Wink bellowed into the store, “What the hell is going on in there?” just as another round zinged into the wall near his stakeout. He forfeited his position quickly, as this shot was just a little too close for comfort. He hop
ed his new spot would give some telltale if there was another discharge. It was bright daylight outside, so spotting any flash was going to be difficult.
Jess screamed, “Squeak! I am reloading and you have three zombies coming at you. Turn around, man!”
“Are they close? I can’t see very far in this lowlight!”
“Not that close yet, but they will be on you in a minute.”
“Okay, cool, I can finish filling my cart. Hey, there are plenty of Sno Balls here. My guess is no one wanted them!”
Jesse took out one of the zombies that were closing on them and raced up to Squeak, who just finishing loading up a cart with Twinkies and Strawberry Sno Balls. He turned around none too soon and screamed: “Hit the deck!” at Jesse so he could get off a clear shot. Jesse was always a bright kid with quick reactions. Served him well. He dove for the linoleum just as Squeak was double-tapping the blood-stained apron ladies from the deli section.
Up until this moment, I don’t believe Squeak had ever heard how creative a Talbot can be with vulgar invectives. Jess let loose a stream that made the Samoan blush. Not an easy feat. His mouth just formed into an embarrassed “Wow.” He finally blurted out, “I am so telling your mother what you said. Man are you gonna get it! If you are lucky, she will wash your mouth out with soap. If you are not so lucky, she will wash your mouth out with something she cooked!”

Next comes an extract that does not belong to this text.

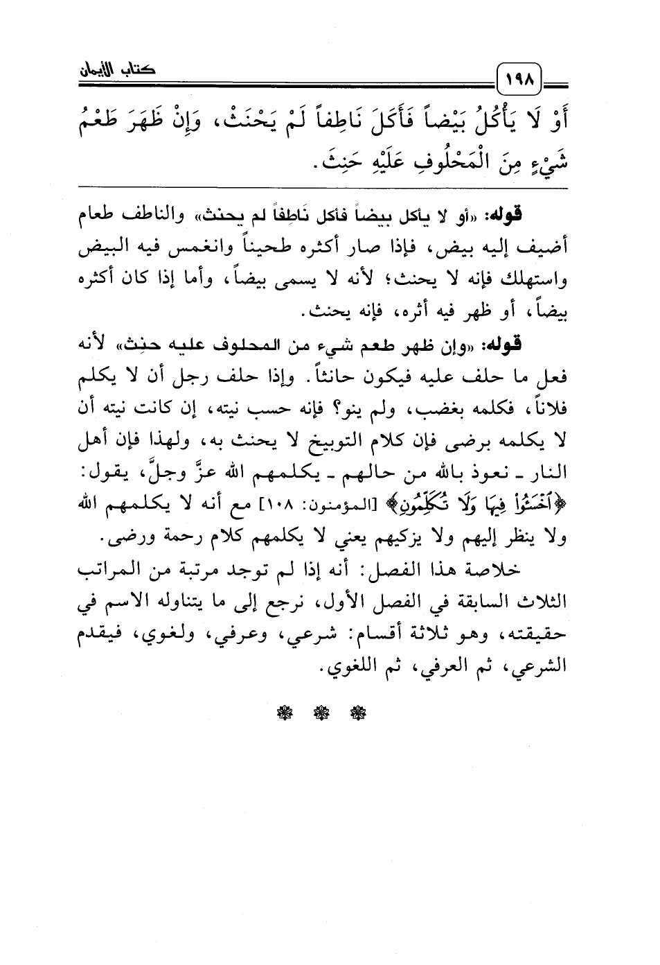 قوله: «وإن ظهر طعم شيء من المحلوف عليه حنِث» لأنه فعل ما حلف عليه فيكون حانثاً. وإذا حلف رجل أن لا يكلم فلاناً، فكلمه بغضب، ولم ينو؟ فإنه حسب نيته، إن كانت نيته أن لا يكلمه برضى فإن كلام التوبيخ لا يحنث به، ولهذا فإن أهل النار ـ نعوذ بالله من حالهم ـ يكلمهم الله عزّ وجل، يقول: {اخْسَأُوا فِيهَا وَلاَ تُكَلِّمُونِ} [المؤمنون: 108] مع أنه لا يكلمهم الله ولا ينظر إليهم ولا يزكيهم يعني لا يكلمهم كلام رحمة ورضى.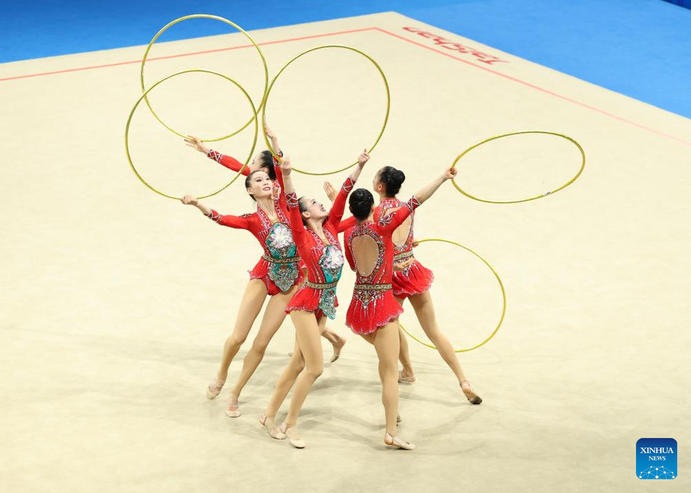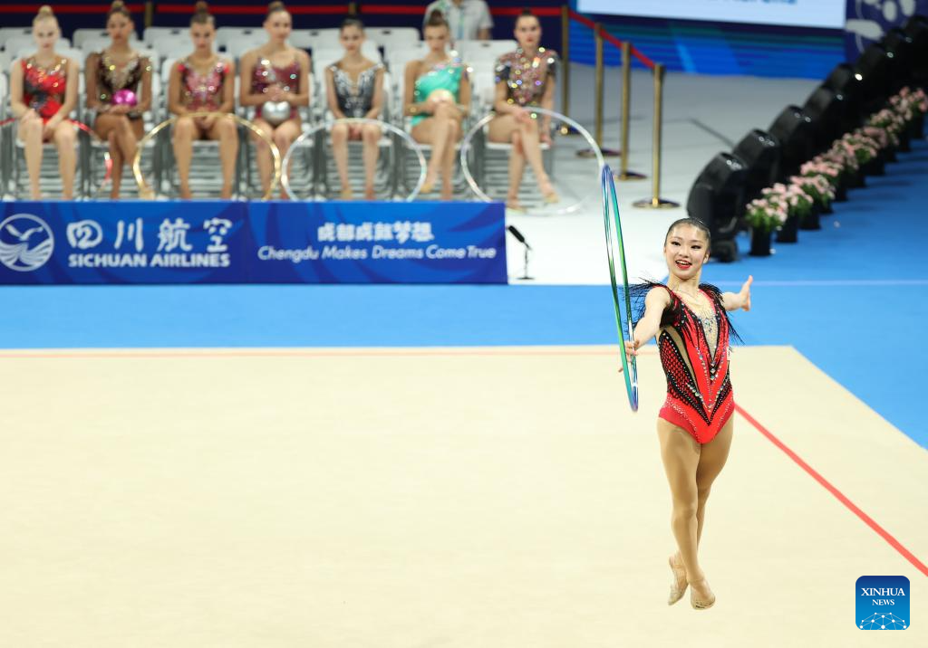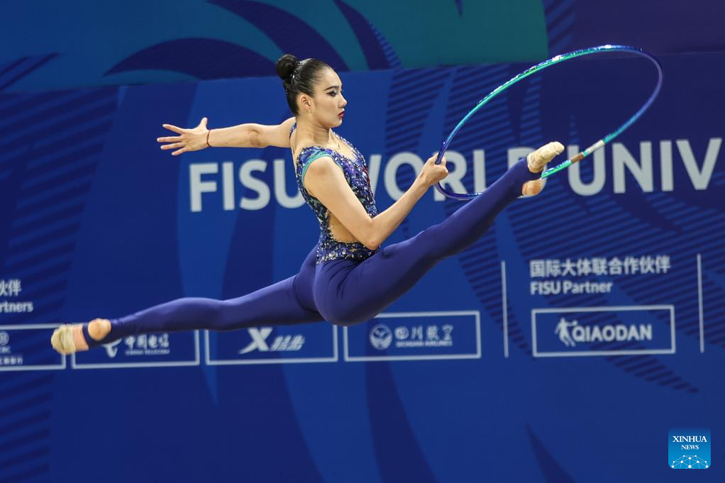 Li Huilin of China competes during the Group B Rotation 1 of Individual All-Around Final of Rhythmic Gymnastics at the 31st FISU Summer World University Games in Chengdu, southwest China's Sichuan Province, July 29, 2023. (Xinhua/Zhang Liyun)

When Jesse finished fake-gagging and getting a smile from Squeak, they both realized Tony and I had not been heard from in all the jumble of snack cake gathering and trigger pulling.
Then they heard three other quick shots from the front of the store and saw Wink doing a strategic retreat into the building. “Someone keeps shooting at me from across the way. Thank goodness he’s a bad shot or you guys would be explaining to Hom why you are Winkless when you get back to the compound. I cannot for the life of me make out exactly where the fire is coming from, but it is definitely across from us somewhere, judging from the angle of the hits on the wall. I don’t know if we are going to be able to get out of here without a fight. Where are Tony and Ron?”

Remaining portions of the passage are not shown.